__Exercise description__
Repeat the records in full and exactly, omitting pictures.

[Source data]
• • • • •
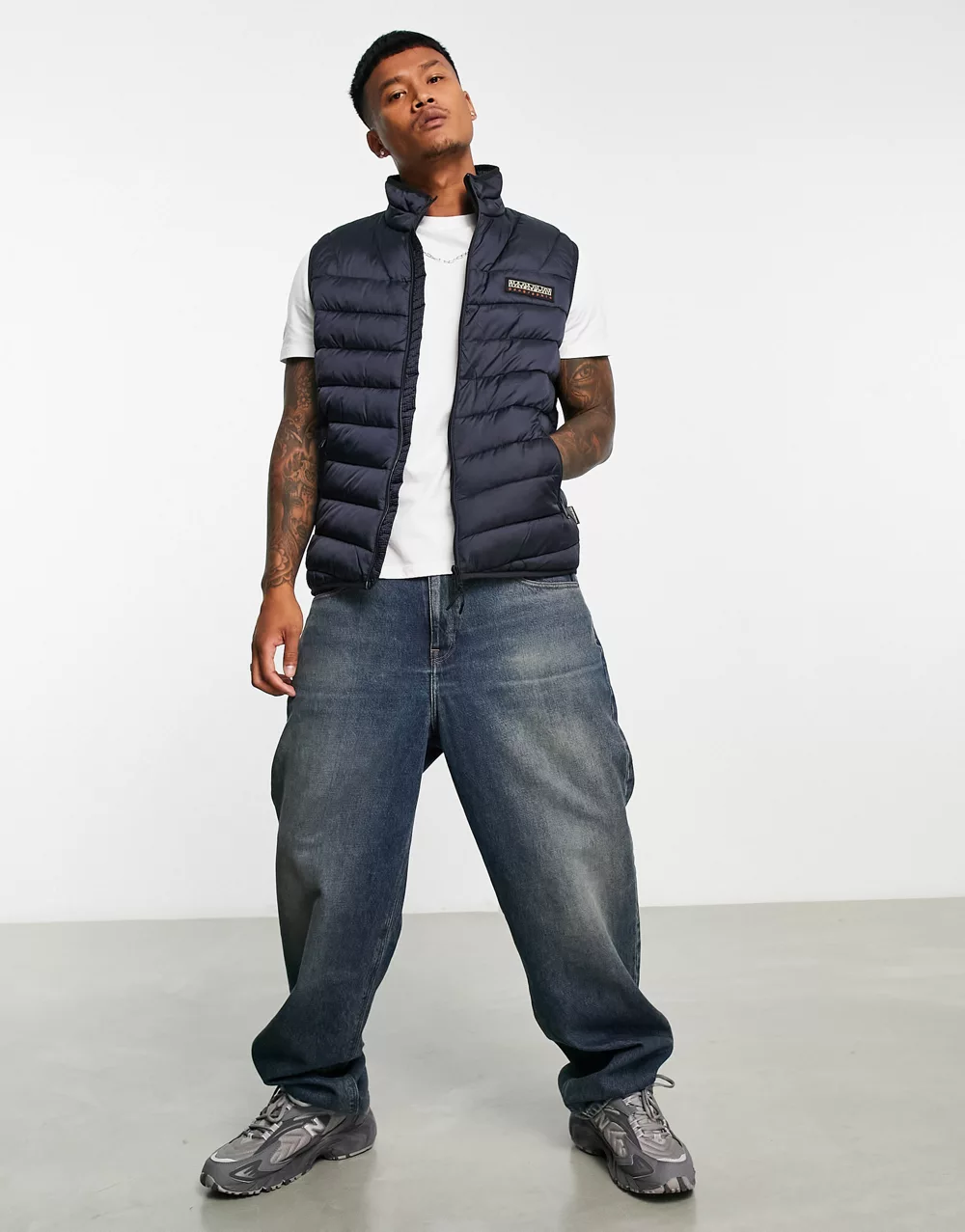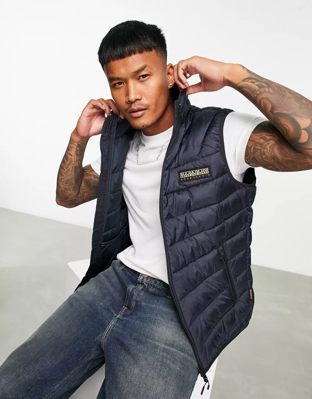 Napapijri Chairlift convertible puffer jacket with zip off sleeves in brown
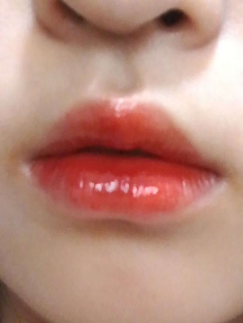 私はいつもrom&ndのジューシーラスティングティントは二度塗りしています! 一度塗りは少しうるうる感があって若干ナチュラルな仕上がり 二度塗りはちゅるちゅる感があって濡れたようなツヤがある ジューシーラスティングティントは二度塗りでもそこまで色が濃くならなくてうるうる感がちゅるちゅる感に進化します(?) rom&ndのティントは絶対んまんましないでください! ツヤが消えてしまいます! グラデリップにするなら容器のふちで調整しながら塗りますっ! これが私のジューシーラスティングティントの塗りかたですっ!
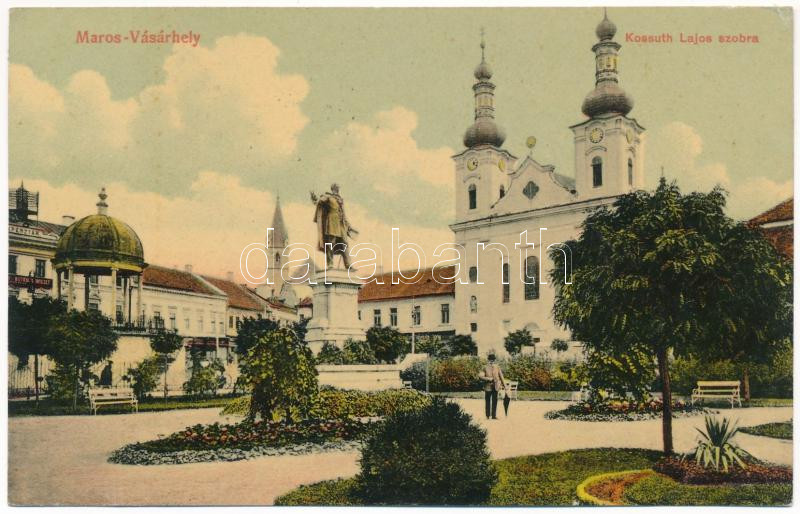1908 Marosvásárhely, Targu Mures; Kossuth Lajos szobor, takarékpénztár, biztosító intézet, Bodor kút. Révész Béla kiadása / monument, savings bank, insurance company, well
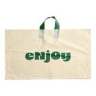 Streamline your takeout service with this Choice 24" x 11" x 14" standard-duty beige "thank you" plastic soft loop handle bag! This beige bag features a stylish green "thank you" print that adds a memorable touch to your customers' carryout experience. The design of the bag includes integrated soft loop handles and a flat bottom, making it the perfect solution for bagging orders on the go. With the ability to hold half size pans, this bag is ideal for accommodating catering orders, half size pans, and other large food orders.
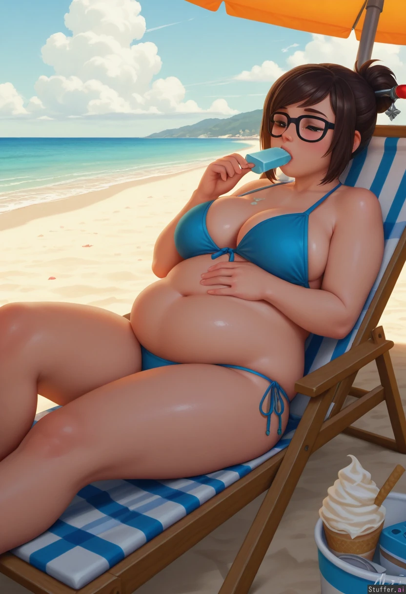 best_quality, hdr, overwatch, mei, clouds, beach, daytime, exhausted, eating, ice_cream, cone, sitting, lying, deckchair, (overweight:1.18), (wide_hips:0.7), (bottom_heavy:0.7), (belly:1.18), (contrast), (solo:1girl)
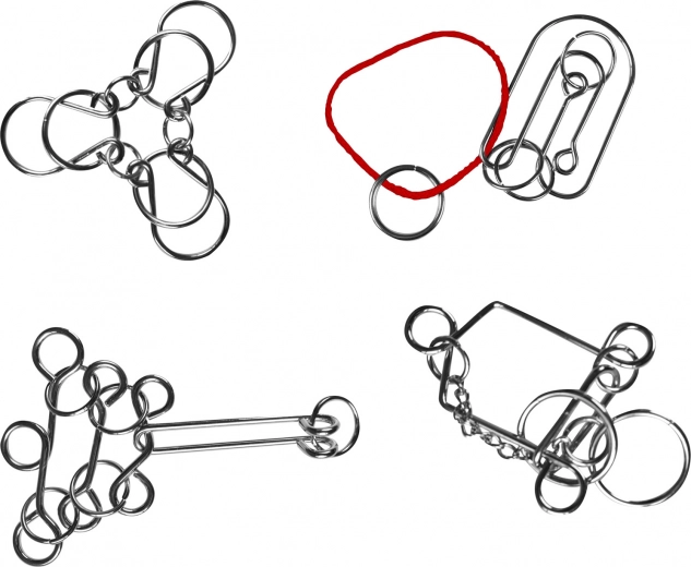 Dieses Set enthält vier einzigartige Metallpuzzles, die Ihr logisches Denken und Ihre Feinmotorik herausfordern.
• • • • •
__Task solution__
 Napapijri Chairlift convertible puffer jacket with zip off sleeves in brown
 私はいつもrom&ndのジューシーラスティングティントは二度塗りしています! 一度塗りは少しうるうる感があって若干ナチュラルな仕上がり 二度塗りはちゅるちゅる感があって濡れたようなツヤがある ジューシーラスティングティントは二度塗りでもそこまで色が濃くならなくてうるうる感がちゅるちゅる感に進化します(?) rom&ndのティントは絶対んまんましないでください! ツヤが消えてしまいます! グラデリップにするなら容器のふちで調整しながら塗りますっ! これが私のジューシーラスティングティントの塗りかたですっ!
1908 Marosvásárhely, Targu Mures; Kossuth Lajos szobor, takarékpénztár, biztosító intézet, Bodor kút. Révész Béla kiadása / monument, savings bank, insurance company, well
 Streamline your takeout service with this Choice 24" x 11" x 14" standard-duty beige "thank you" plastic soft loop handle bag! This beige bag features a stylish green "thank you" print that adds a memorable touch to your customers' carryout experience. The design of the bag includes integrated soft loop handles and a flat bottom, making it the perfect solution for bagging orders on the go. With the ability to hold half size pans, this bag is ideal for accommodating catering orders, half size pans, and other large food orders.
 best_quality, hdr, overwatch, mei, clouds, beach, daytime, exhausted, eating, ice_cream, cone, sitting, lying, deckchair, (overweight:1.18), (wide_hips:0.7), (bottom_heavy:0.7), (belly:1.18), (contrast), (solo:1girl)
 Dieses Set enthält vier einzigartige Metallpuzzles, die Ihr logisches Denken und Ihre Feinmotorik herausfordern.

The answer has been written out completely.